Kal-Haven Trail wooden bridge over the faucet for replacement | Local News

A covered wooden bridge that has become a focal point along the Kal-Haven Heritage Trail may be a thing of the past when work begins to renovate 17 miles of the trail.

Earlier this year, the Michigan Department of Natural Resources received $5 million in funding last summer as part of the Building Michigan Together plan to resurface the western portion of the trail from South Haven to Bloomingdale’s.

Part of these plans would lead to the widening and resurfacing of the trail, as well as the replacement of three bridge structures – including the Donald F. Nichols Covered Bridge near the South Haven Trailhead.

The possibility of the demolition of the 108-foot-long covered walkway over the Black River has worried some locals, including Scott Reinert, former director of the South Haven/Van Buren County Convention and Visitors Bureau. .

Over the years, Reinert has led efforts to expand outdoor recreational trails throughout the South Haven area; efforts that led to the city being named one of the first pure Michigan Trail cities in the state two years ago.

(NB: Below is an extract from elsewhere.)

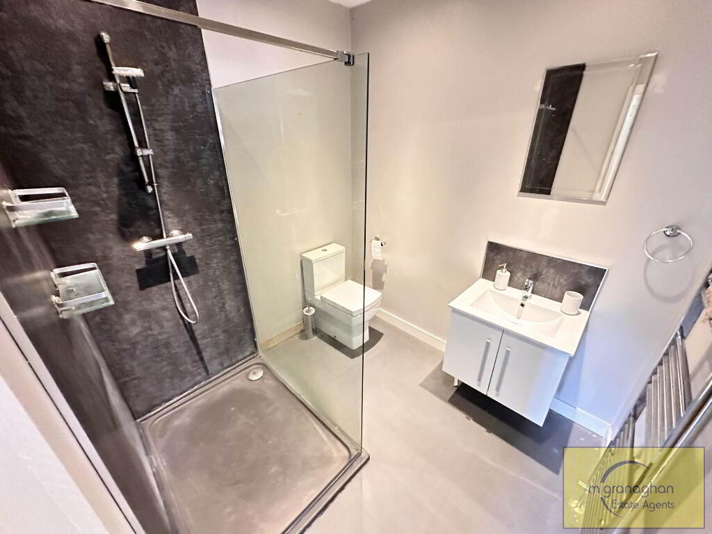 Spotlights, low flush W/C, shower cubicle, vanity unit wash hand basin
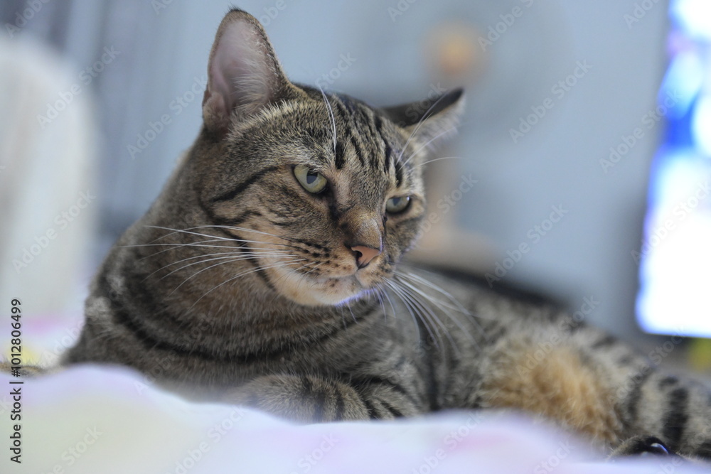tabby cat on bed relax

“We believe the covered bridge is an icon for our community, just like the lighthouse,” Reinert said. “In fact, the bridge is featured on the cover of the current Pure Michigan fall travel guide.”

A DNR spokesperson confirmed that plans still call for the replacement of the three bridges that date back to the late 1800s when the Kalamazoo & South Haven Railroad Co. operated a line between the two cities to transport passengers and freight . The rail corridor was abandoned in 1971 by Penn Central Railroad, said Jill Sell, southwestern Michigan trail specialist for DNR.

“The bridges can no longer safely support the weight of the vehicles and equipment that we use to maintain the trail,” Sell said. “The superstructures of the bridges are original when this corridor was used as a railway.”

To highlight concerns about the covered bridge, the DNR closed it for a week in October 2021 to carry out inspection and maintenance work.

Working with the DNR

While he’s certain the bridges will be replaced as part of the $5 million project, Sell said no final decision has been made on the design of a new bridge.

“MNR staff and engineers are evaluating several options,” she said.

Reinert said he hopes to have further discussions with the DNR to find ways to possibly preserve the covered bridge.

“We have scheduled interactions with the DNR in the coming week to discuss this and hopefully alternatives,” Reinert said. “We hope they will be responsive to see if any renovations can be made to the current bridge rather than replacing it with something modern.”

Jeff Green, interim president of Friends of the Kal-Haven Trail, also remains optimistic.

“We believe that if the problem is money…the sooner we know what the costs would be to keep this beloved icon, the sooner we can organize the community to raise the funds needed to keep it in place, give it a new roof,” he said, “and much-needed love and care that it can be done as part of the overall resurfacing project.

A timeline is unknown, but Sell said the $5 million granted for the project must be spent by the end of 2026 – with the DNR overseeing the improvements.

Funding for the Kal-Haven Trail upgrade is made possible through Governor Gretchen Whitmer’s Building Michigan Together plan, a $4.8 billion infrastructure package signed in March.

The Kal-Haven Trail project marks the first time the western half of the trail has been resurfaced since the trail was first dedicated in 1989. The trail holds the distinction of being the first linear state trail to be created in Michigan. In 2015, efforts were undertaken to install over 30 heritage markers to showcase the history of the towns and people who once lived along the trail.